Sure. Humans are very good at spotting patterns. Its a survival trait that allows us to do important things like spot predators and prey despite camouflage. The problem is that since it is better to see a tiger that isn't there than it is to fail to see a hungry tiger, we see patterns in what is just random noise.

So, how do you tell the difference between patterns and noise? How do you tell the difference between the fair die and the rigged die, when all you can observe are the outcomes of the rolls? When you don't know all the natural laws, how can you know there isn't one that makes  knowing some of the others impossible?

And, you know, I don't want you getting eaten by a tiger. That goes without saying, I would hope? And, yes, you can be wrong, and we all know we can be wrong, so that ain't a good surprise party. So my goal is not to prove you wrong or even make you doubt yourself. 

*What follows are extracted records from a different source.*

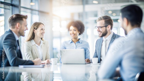 A lively background featuring a team in a dynamic discussion, showcasing effective communication and idea exchange in a modern office environment.
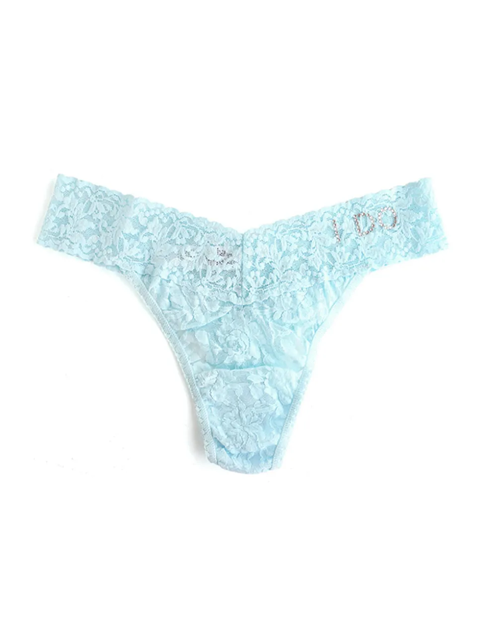 Hanky Panky’s signature V-front and V-back waistband revolutionized the world of lingerie 30 years ago and has put an end to panty-lines. Soft and stretchy, Hanky Panky officially makes the World’s Most Comfortable Thong. Fitting high on the hips and easily transported, the brand’s famous thong gets a wedding night upgrade with “I Do” embellishment in European crystals on the lace waistband of the I Do Crystal Signature Lace Original Rise Thong. As comfortable as they come, make your special night even more so.
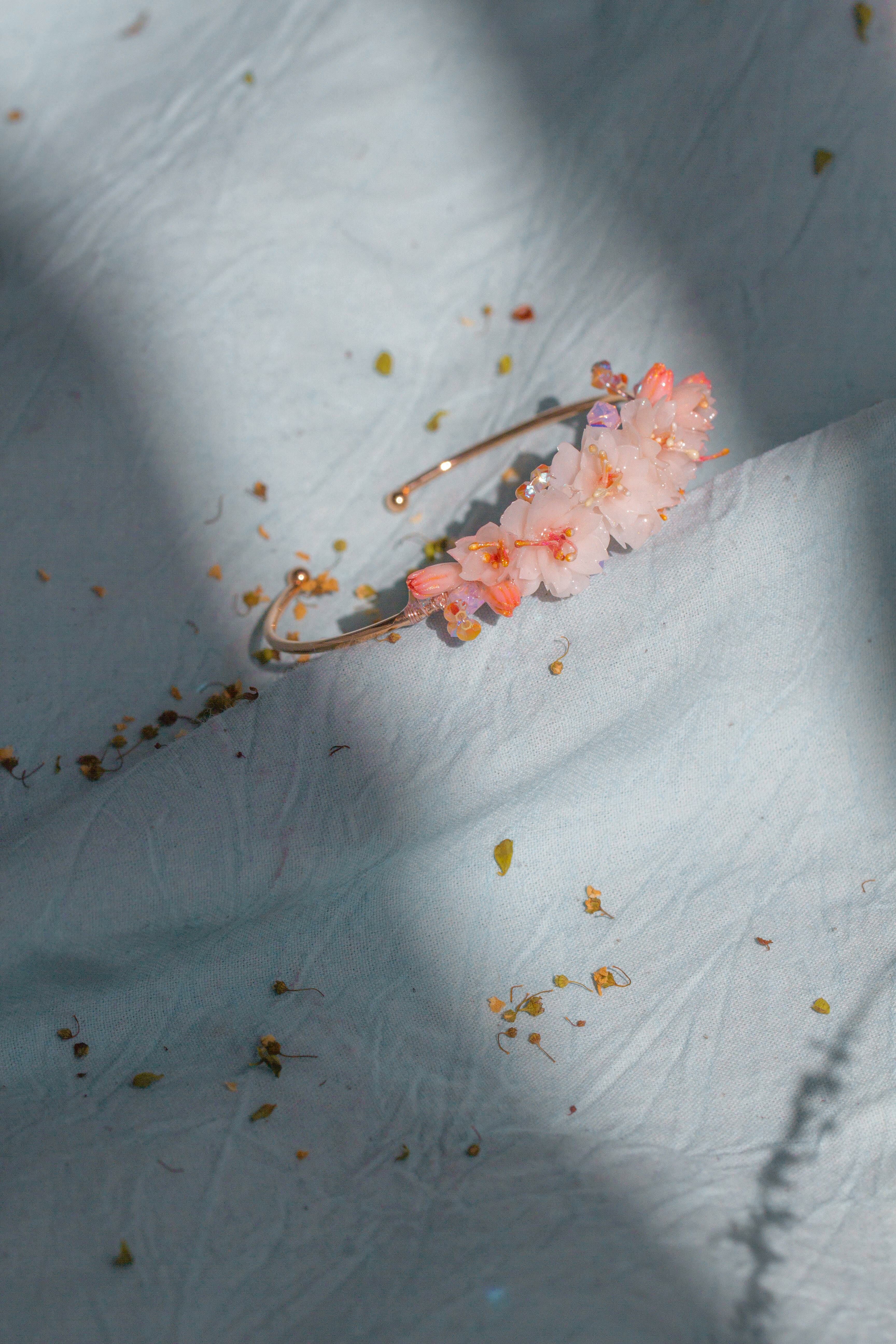 American Bead Smith Silver Wire | Austrian Crystal | Japanese Cubic Zirconia (CZ) | Handcrafted Resin Clay Flower | UV Hardening Coating | Rose-gold-plated Metal Bangle
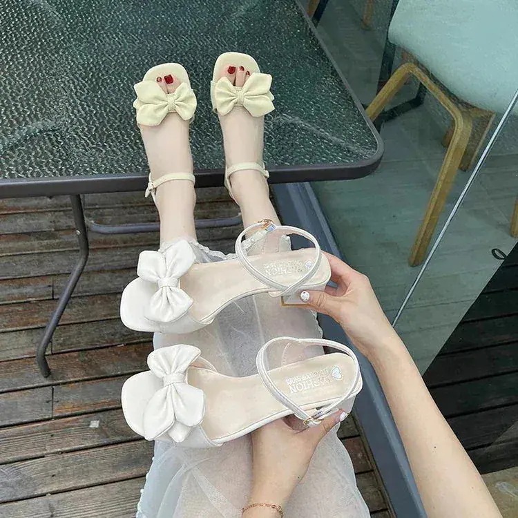 甘皮のハイヒール女性2025年ファッション百合リボン快適一文字太ヒールサンダル女性
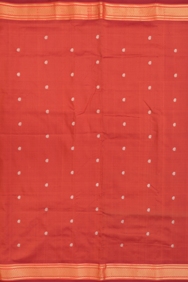 Paithani Silk Saree In Rust Orange With Paisley Buttis

But here's the rub. Reason is useless on its own. Inferring from observation won't give you a reason to get up in the morning or give you any clue what to do with your life. For that, you need emotions. Passion. Likes and dislikes. Attraction and revulsion. Hormones and pheremones. All the other messy bits of the human condition, you know?

So when you spot the tiger, it is your emotions that insist there is no reason to double-check. It is your emotions that decide when you are certain, you see? Not your reason. The more sure you are, the more irrational you are being, regardless of the subject (He said very irrationally). 

 

Make sense?

An understandable position.  Give me some time to think about it, eh?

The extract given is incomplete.